Também não quero que seja um daqueles romances impossíveis, cheio de desencontros. Romeu e Julieta, Tristão e Isolda, belas histórias, sem finais felizes.

Quero que seja um livro como os da Jane Austen, daqueles que a gente lê deitado na rede no fim da tarde. Daqueles que nos fazem rir e chorar com pequenos detalhes, marcar as frases mais bonitas e terminar de ler com um sorriso.

9 de maio de 2011

Instante

Então parecia que o mundo havia parado de girar. As vozes ao meu redor tornaram-se um ruído quase imperceptível. Os traços dos rostos ficaram desordenados.
Só havia um rosto, um par de olhos, uma voz e uma palavra - a mais bela e, ao mesmo tempo, a mais triste daquele dia inteiro.
"Tchau" - me disse o sorriso tímido.

E foi assim que um pequeno instante coloriu um dia meio cinzento.

E foi assim que um pequeno instante tornou o sonho um pouquinho mais concreto.

10 de abril de 2011

Olhos de estrela

Olhei para o céu essa noite e vi as estrelas, milhares delas. Lantejoulas do manto noturno, sonhos de apaixonados, habitações de príncipes fictícios.


Lembrei que elas sempre estão lá, não importa quão iluminada seja a cidade, ou quão nublado esteja o céu. As circunstâncias efêmeras não as enganam, elam permanecem brilhando, sabendo que hora ou outra vão aparecer e embelezar a noite, dar esperança aos apaixonados e abrigar histórias a serem contadas.


Notei que o céu que contemplo é o mesmo que está sobre ti, onde quer que estejas. Fiz, então, das estrelas teus olhos. Se, por um pequeno instante, te lembrares de mim, olha para elas e vê meus olhos que sorriem pra ti.


Escrito em: 03/02/2011

1 de março de 2011

Furacão

É hora de derrubar os muros que construímos ao nosso redor com tijolos de medo e de orgulho. Precisamos de um furacão, que nos tire do lugar, nos sacuda. Na bagunça deixada, em meio a lembranças e imagens, revemos o que estava escondido, o que havia ficado pelo caminho e finalmente nos damos conta do que os muros nos impediam de enxergar. Então olhamos os rostos, as mãos e os olhos das pessoas e percebemos que não estamos sozinhos.

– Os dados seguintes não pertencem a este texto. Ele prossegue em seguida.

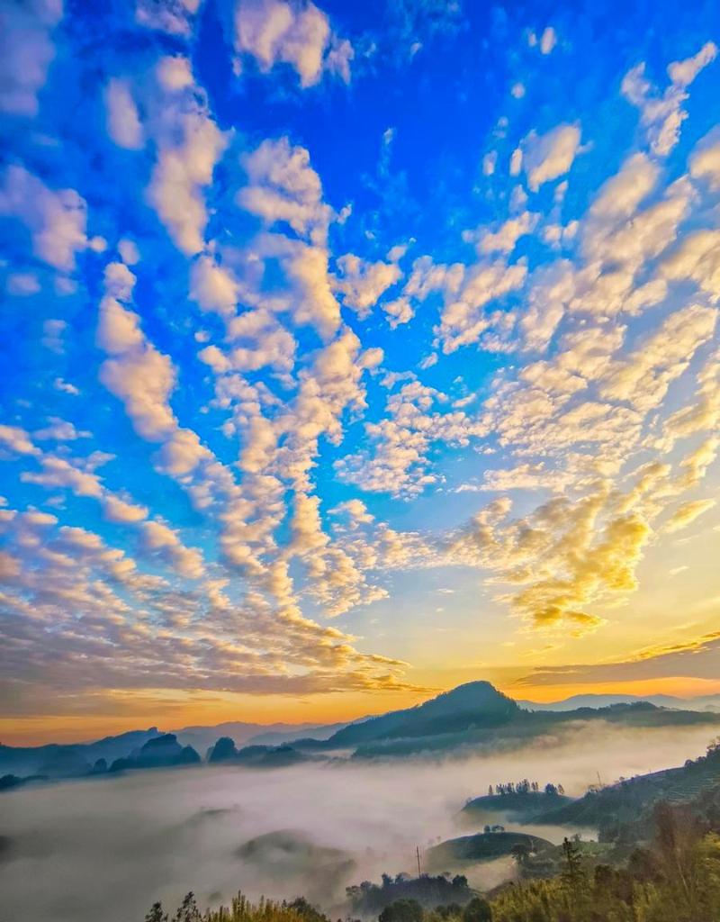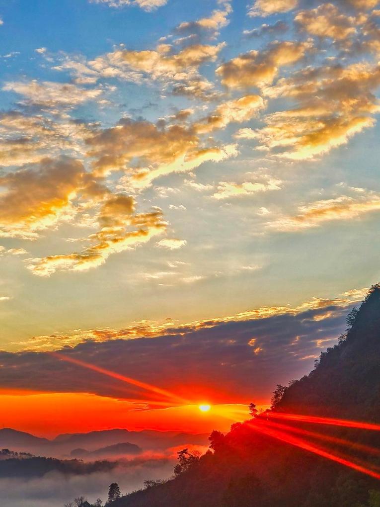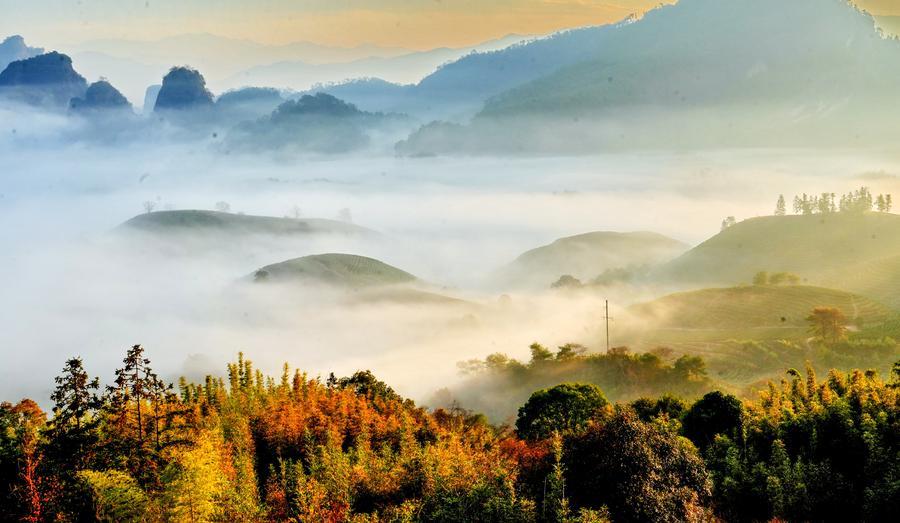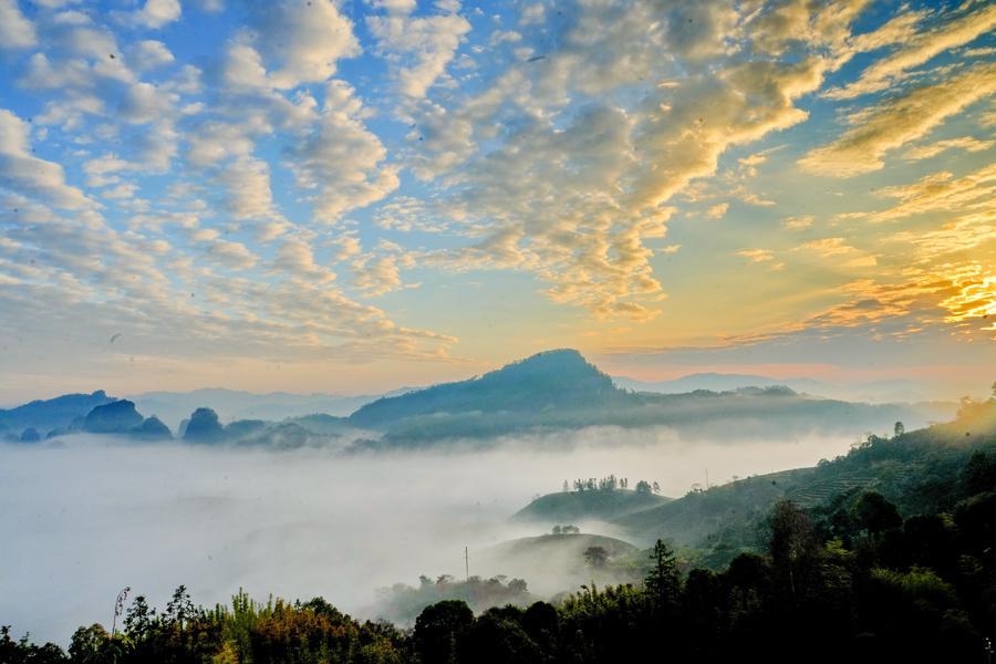 【新華社武夷山12月18日】中国福建省の武夷山国家公園で17日早朝、鮮やかな朝焼けが空を染めた。薄い霧の中で山影が見え隠れし、暖かな色合いの日差しが雲を照らす壮麗な光景が広がった。
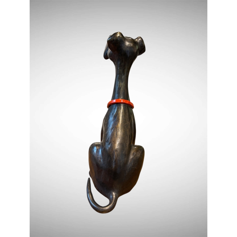 Le collier rouge qui entoure le cou d’Alex apporte une touche de couleur vibrante et contemporaine. Ce détail simple mais marquant renforce la personnalité de la sculpture et introduit un contraste élégant avec la patine sombre du bronze.

O mesmo que disse "eis que estou à porta e bato" também disse "se alguém receber o que eu enviar, me recebe a mim". Ouvimos as batidas, mas não entendemos e não os recebemos. Trancamo-nos em nossa torre inacessível, pensando estarmos seguros de toda desconfiança, das traições e intrigas, das quais esse mundo está cheio! Afinal é um perigo nos expormos! Errado. Os relacionamentos são necessários. As amizades enchem as tardes de sol e as noites de risos e lágrimas. Os erros cometidos nos amadurecem. Só é preciso saber amar. Só é preciso saber perdoar.

Que venha o furacão! Que caiam os muros! Que estejam abertos os corações! Abertos para amar e serem amados, para perdoar - "se setenta vezes precisar, vezes sete se preciso for". Deus ama pessoas e amá-lo requer esse desafio.

"Um novo mandamento vos dou: Que vos ameis uns aos outros; como eu vos amei a vós, que também vós uns aos outros vos ameis. Nisto todos conhecerão que sois meus discípulos, se vos amardes uns aos outros.". João 13:34-35

7 de janeiro de 2011

Textos idiotas

Me perdoem. Tenho escrito textos idiotas.
É sério. Não adianta tentar me animar...

O que acontece é que me deparo com essa tela em branco - mente em branco. Começo a digitar as maiores besteiras que consigo pensar, apenas para preenchê-la de letras. Geralmente, com palavras nas mãos me sinto livre... Agora elas me escapam.

Parece que falta algo no enredo.

Claro que tudo pode dar num texto! Não é esse o ponto, entenda. É possível encontrar frases nas situações e paisagens mais diversas. Mas parece que já falei demais de tudo isso. Esgotei. E tudo acaba indo pro mesmo lugar...

Falta um coração ritmado.
Falta um solo de guitarra.
Falta a falta de ar.

Falta outro pedaço de vida que ainda não encontrei.